This week's Kosher Today responds to two readers – one who also a frequent visitor here – who criticized the publication for not disclosing the financial relationship between its editor, Menachem Lubinsky, and Agriprocessors and the Rubashkin family:
"...and we remind two readers who contacted us about last week's Agri
story that both this publication and I do have a historical bias when
it comes to protecting the supply of kosher food, especially meat. I
have gladly represented them as a professional marketer in the past and
have the highest trust in our kashrus agencies and government agencies,
so nothing new there!"
This issue isn't up on the web yet. The above quote was left as a comment to this post by Chaim Yankel, one of those two readers, who noted:
Well, well... it IS something new to the vast majority of KT readers
that had zero idea that the author of the articles was on Agri's
payroll.
Understand this well: Lubinsky has worked as a paid consultant for Rubashkin. His duties included dealing with parts of the PETA scandal and other Rubashkin troubles. Yet, writing in his industry trade publication in defense of Rubashkin, he does not disclose this relationship until outed.
This is what Orthodoxy is today. Dishonest, rotten to its very core.
Meanwhile, writing (belatedly) on the latest NY Times coverage of the Conservative Movement's Hechsher Tzedek, YLove sides with the Orthodox rabbis who have assailed the Hechsher Tzedek:
…From R' Chaim Ozer Grodzienski to the Chofetz Chaim to today's Orthodox leaders, the idea of "interdenominational cooperation" within the various Jewish "denominations" is largely eschewed at worst, and severely curtailed at best. With the possible exception of anti-missionary campaigns, there is virtually no issue regarding Jewish observance that will get the "denominations" -- which range in belief from "personal autonomy" and "decide your own laws" to "do not depart from your ancestors' ways in the slightest" -- to "agree upon." And indeed, this was a primary if not the main issue when when the Jewish Press ran the article in January:
In December 2006, a call came from outside the sphere of Orthodox kosher certifiers for a tsedek heckscher or justice certification that would ensure that kosher food producers “have met a set of standards that determine the social responsibility of kosher food producers, particularly in the area of worker rights.”

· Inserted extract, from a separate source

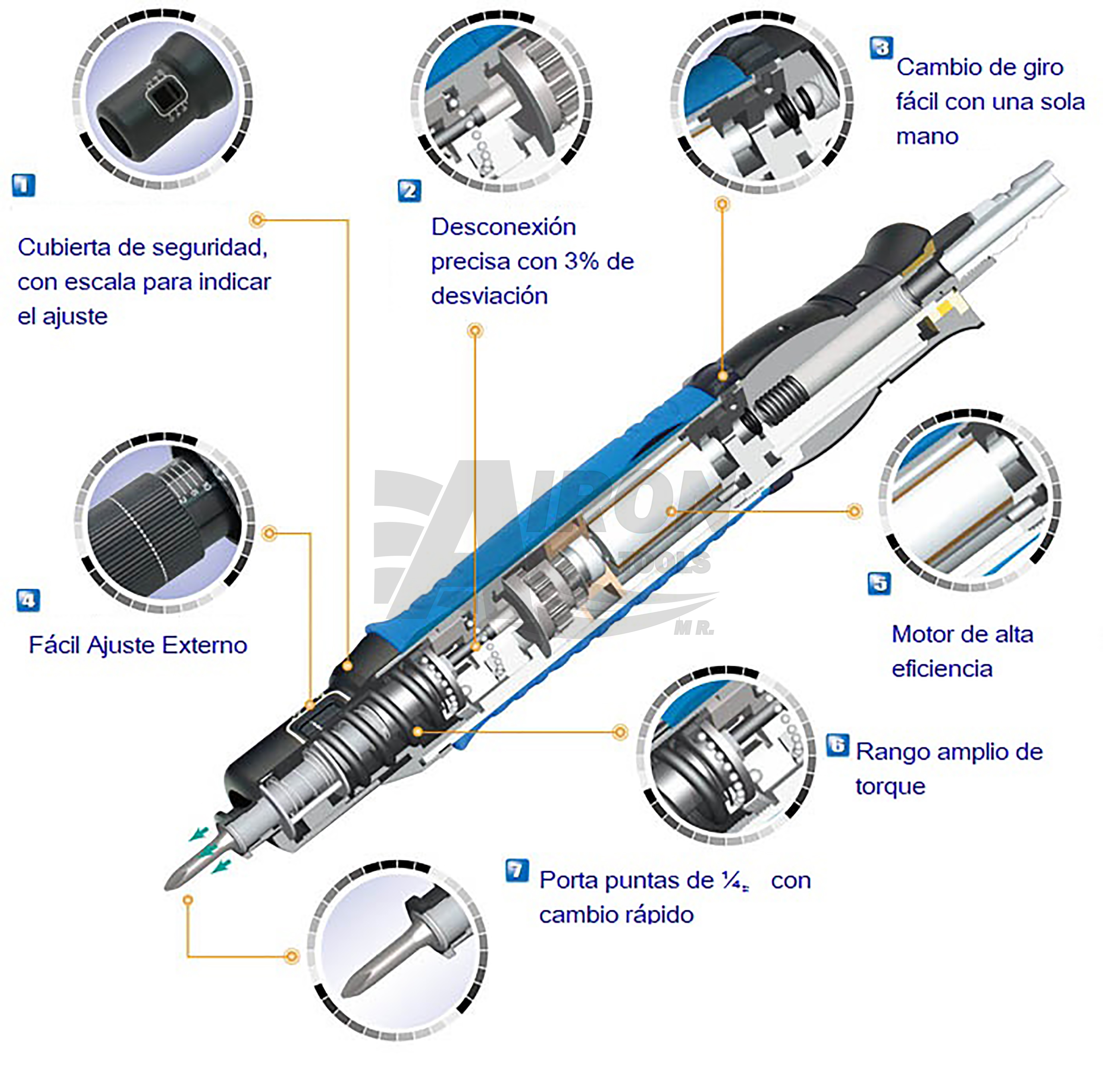 El embrague de control de torque y desconexión automática de AIRON TOOLS corta la potencia rápidamente cuando se ha alcanzado el par de torsión exacto. Alcanza su precisión gracias a la acción de balanceo y baja fricción del embrague junto con la desconexión síncrona del aire. Estas características se combinan para dar una repetibilidad menor ± 3 %.

The [Orthodox Rabbinical Organization] views the suggestion as an attempt by those outside the observant community to infiltrate and dilute the existing framework of kashrus certifications.I am right there with my esteemed rabbis on this point.
These things need to be addressed by the haredi communities themselves.…
I could not disagree more. The Orthodox world has proved itself incapable of handling this and many other issues. Only "outside" pressure – be it from Conservative rabbis or, better yet, the Federal government – will ever bring change.
But YLove isn't blind to the reality around him:
…Are we really unable to enforce -- either practically or economically -- the Shulchan Aruch's definition of "legal obligation"? There is no concept of "you shall not assist a EEOC law violator" in Jewish Law, but there IS a recurring theme of ein mesaye'in l'ovrei aveirah - you are not supposed to assist a sinner in the commission of his sin.
Would we buy free porn for masturbatory teenagers? Would we offer "free fill-up on premium for all getaway cars"? Obviously not. We do not give people additional sins or "beef up" people's already-being-committed sins.
While external, nebulous "standards" derived from "verses in Deuteronomy" do originate from "alien impositions" as the Jewish Press Op-Ed piece stated (apparently), my fear is that we could create an environment where, for the food service industry, the entire Choshen Mishpat, the entire body of Jewish civil and labor laws, is effectively relegated to irrelevance and impertinence.…If we can get food lelo chashash tevel orlah u'shvi'is, we should be able to get food lelo chashash gezel, oshek v'ribbis. Ha'meivinim yavinu v'yaskilu.
Well said. But YLove misses (or skirts) a fundamental point – haredi society is a thugocracy. It is run by thugs (a.k.a., kanoim) and despotic, often elderly rabbis who behave like Sudanese warlords as often as not. Change ain't gonna come, Yitzchok, until transparency and democratic governance comes to haredi society. When's that gonna happen? It rhymes with ever, my friend.